Work order | The required output is the exact run of lines below that opens at the line with "E-Scooter der Anbieter" and closes at the line with "當深圳交警趕到現(xiàn)".

Exercise data |
■ ■ ■ ■ ■

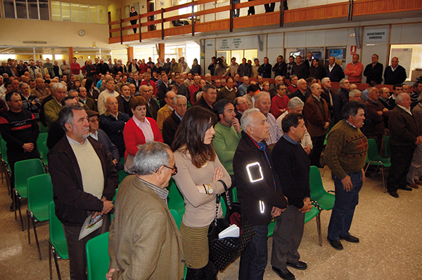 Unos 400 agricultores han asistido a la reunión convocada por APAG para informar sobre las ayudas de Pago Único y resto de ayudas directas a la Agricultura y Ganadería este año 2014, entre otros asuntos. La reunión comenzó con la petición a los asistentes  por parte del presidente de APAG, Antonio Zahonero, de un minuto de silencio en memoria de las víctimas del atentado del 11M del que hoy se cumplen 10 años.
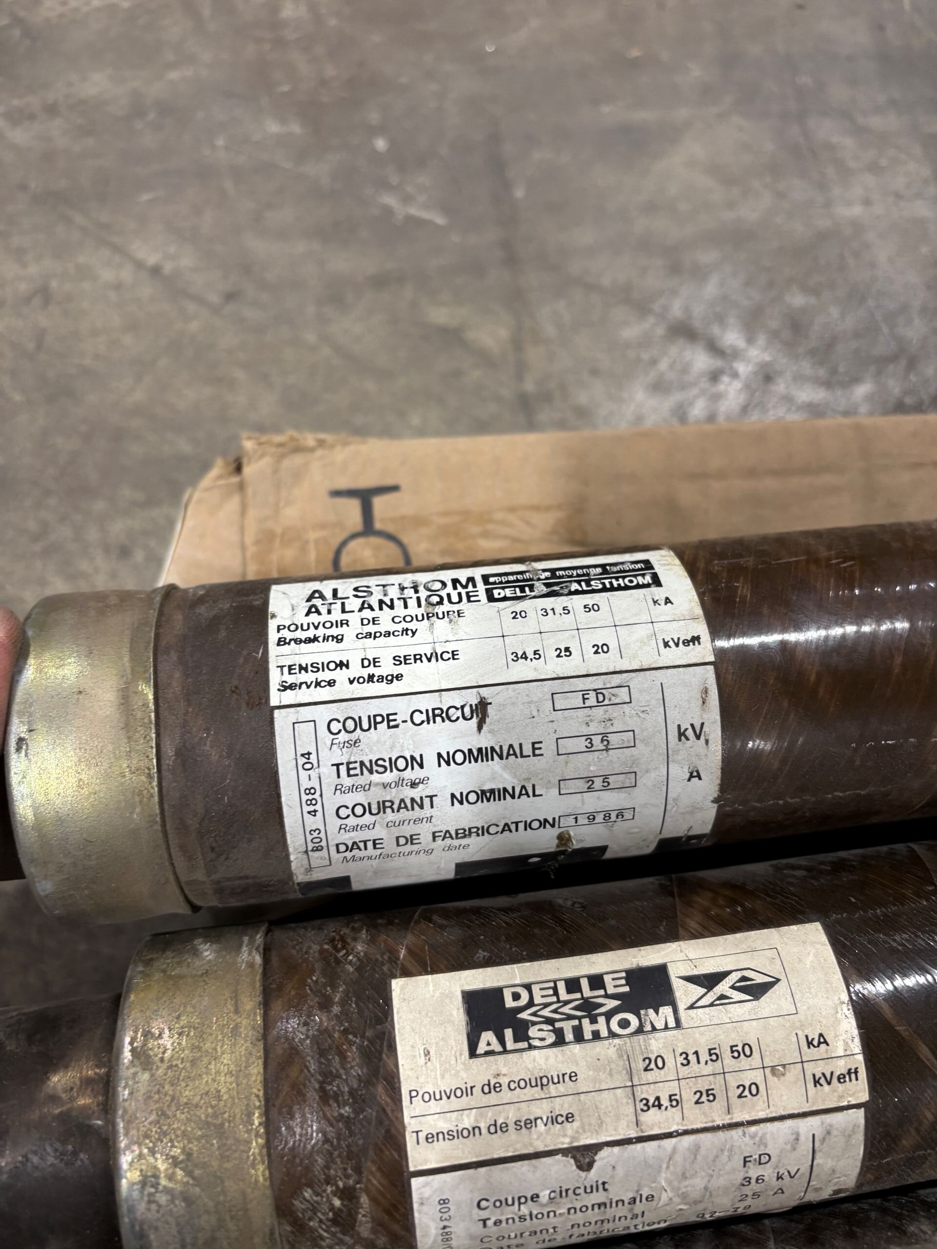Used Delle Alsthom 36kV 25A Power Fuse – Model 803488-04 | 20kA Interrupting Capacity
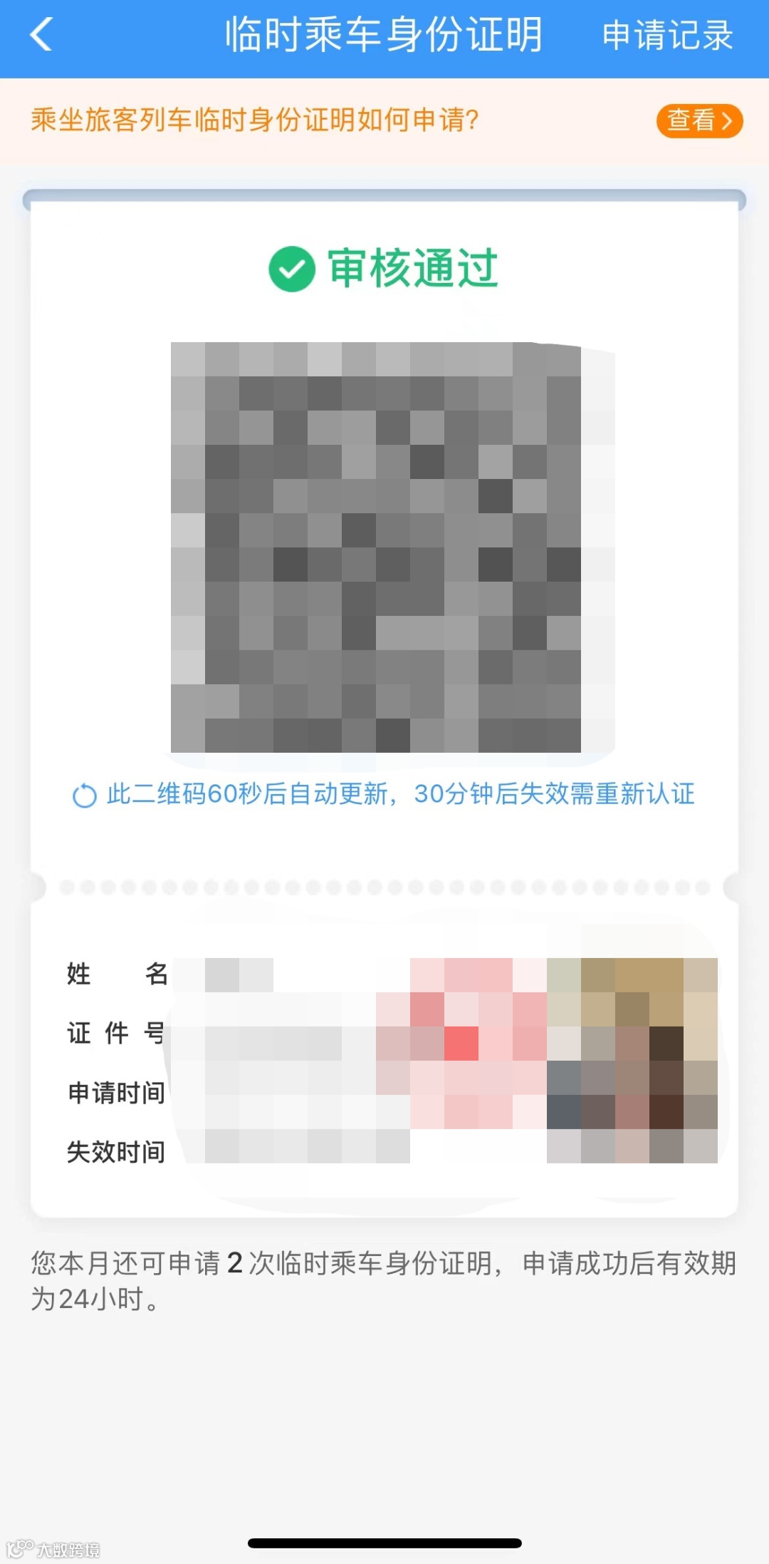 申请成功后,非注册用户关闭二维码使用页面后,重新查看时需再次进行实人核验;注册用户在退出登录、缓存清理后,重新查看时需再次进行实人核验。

■ ■ ■ ■ ■

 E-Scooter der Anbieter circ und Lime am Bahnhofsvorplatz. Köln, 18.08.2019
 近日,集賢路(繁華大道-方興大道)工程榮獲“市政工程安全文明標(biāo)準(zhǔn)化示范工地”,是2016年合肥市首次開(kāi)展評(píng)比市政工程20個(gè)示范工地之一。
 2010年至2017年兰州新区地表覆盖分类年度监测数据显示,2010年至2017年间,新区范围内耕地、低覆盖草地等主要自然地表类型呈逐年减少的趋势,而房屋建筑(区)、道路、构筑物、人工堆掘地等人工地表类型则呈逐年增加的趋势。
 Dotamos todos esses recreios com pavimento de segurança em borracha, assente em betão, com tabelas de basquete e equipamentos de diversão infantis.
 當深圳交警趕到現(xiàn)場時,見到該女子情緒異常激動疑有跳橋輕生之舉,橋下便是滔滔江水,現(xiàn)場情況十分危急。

■ ■ ■ ■ ■

Response to the task |
 E-Scooter der Anbieter circ und Lime am Bahnhofsvorplatz. Köln, 18.08.2019
 近日,集賢路(繁華大道-方興大道)工程榮獲“市政工程安全文明標(biāo)準(zhǔn)化示范工地”,是2016年合肥市首次開(kāi)展評(píng)比市政工程20個(gè)示范工地之一。
 2010年至2017年兰州新区地表覆盖分类年度监测数据显示,2010年至2017年间,新区范围内耕地、低覆盖草地等主要自然地表类型呈逐年减少的趋势,而房屋建筑(区)、道路、构筑物、人工堆掘地等人工地表类型则呈逐年增加的趋势。
 Dotamos todos esses recreios com pavimento de segurança em borracha, assente em betão, com tabelas de basquete e equipamentos de diversão infantis.
 當深圳交警趕到現(xiàn)場時,見到該女子情緒異常激動疑有跳橋輕生之舉,橋下便是滔滔江水,現(xiàn)場情況十分危急。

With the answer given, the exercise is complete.